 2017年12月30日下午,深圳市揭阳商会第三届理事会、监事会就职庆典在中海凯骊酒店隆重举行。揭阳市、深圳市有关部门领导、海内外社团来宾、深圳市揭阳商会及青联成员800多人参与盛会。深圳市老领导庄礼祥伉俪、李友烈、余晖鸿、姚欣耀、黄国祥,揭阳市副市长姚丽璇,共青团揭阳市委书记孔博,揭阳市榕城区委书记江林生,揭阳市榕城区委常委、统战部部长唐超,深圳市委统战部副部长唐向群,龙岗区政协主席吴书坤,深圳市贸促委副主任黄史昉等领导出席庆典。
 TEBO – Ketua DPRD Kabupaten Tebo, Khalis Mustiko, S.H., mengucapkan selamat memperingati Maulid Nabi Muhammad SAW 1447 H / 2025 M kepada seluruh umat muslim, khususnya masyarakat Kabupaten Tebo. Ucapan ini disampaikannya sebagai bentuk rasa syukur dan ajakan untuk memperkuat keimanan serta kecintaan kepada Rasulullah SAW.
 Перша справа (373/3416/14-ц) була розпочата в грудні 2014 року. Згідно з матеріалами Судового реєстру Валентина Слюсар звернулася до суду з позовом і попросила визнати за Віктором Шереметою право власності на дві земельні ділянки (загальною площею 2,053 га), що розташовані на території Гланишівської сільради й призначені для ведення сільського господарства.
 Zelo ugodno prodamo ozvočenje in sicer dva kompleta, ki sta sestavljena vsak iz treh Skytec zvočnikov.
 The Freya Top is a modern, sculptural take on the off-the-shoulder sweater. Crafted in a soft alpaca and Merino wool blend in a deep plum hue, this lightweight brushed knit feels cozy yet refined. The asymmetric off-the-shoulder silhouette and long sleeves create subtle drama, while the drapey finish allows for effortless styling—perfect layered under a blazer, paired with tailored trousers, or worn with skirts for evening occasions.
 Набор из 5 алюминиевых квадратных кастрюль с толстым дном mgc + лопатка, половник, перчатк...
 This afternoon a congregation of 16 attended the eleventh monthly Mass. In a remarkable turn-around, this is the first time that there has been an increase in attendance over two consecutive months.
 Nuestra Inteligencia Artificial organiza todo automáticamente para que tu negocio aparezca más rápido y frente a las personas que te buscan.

◆ ◆ ◆

What this task involves. Retype, exactly and in full, the listing from its first line to the one holding "TEBO – Ketua", both included.

Output below.
 2017年12月30日下午,深圳市揭阳商会第三届理事会、监事会就职庆典在中海凯骊酒店隆重举行。揭阳市、深圳市有关部门领导、海内外社团来宾、深圳市揭阳商会及青联成员800多人参与盛会。深圳市老领导庄礼祥伉俪、李友烈、余晖鸿、姚欣耀、黄国祥,揭阳市副市长姚丽璇,共青团揭阳市委书记孔博,揭阳市榕城区委书记江林生,揭阳市榕城区委常委、统战部部长唐超,深圳市委统战部副部长唐向群,龙岗区政协主席吴书坤,深圳市贸促委副主任黄史昉等领导出席庆典。
 TEBO – Ketua DPRD Kabupaten Tebo, Khalis Mustiko, S.H., mengucapkan selamat memperingati Maulid Nabi Muhammad SAW 1447 H / 2025 M kepada seluruh umat muslim, khususnya masyarakat Kabupaten Tebo. Ucapan ini disampaikannya sebagai bentuk rasa syukur dan ajakan untuk memperkuat keimanan serta kecintaan kepada Rasulullah SAW.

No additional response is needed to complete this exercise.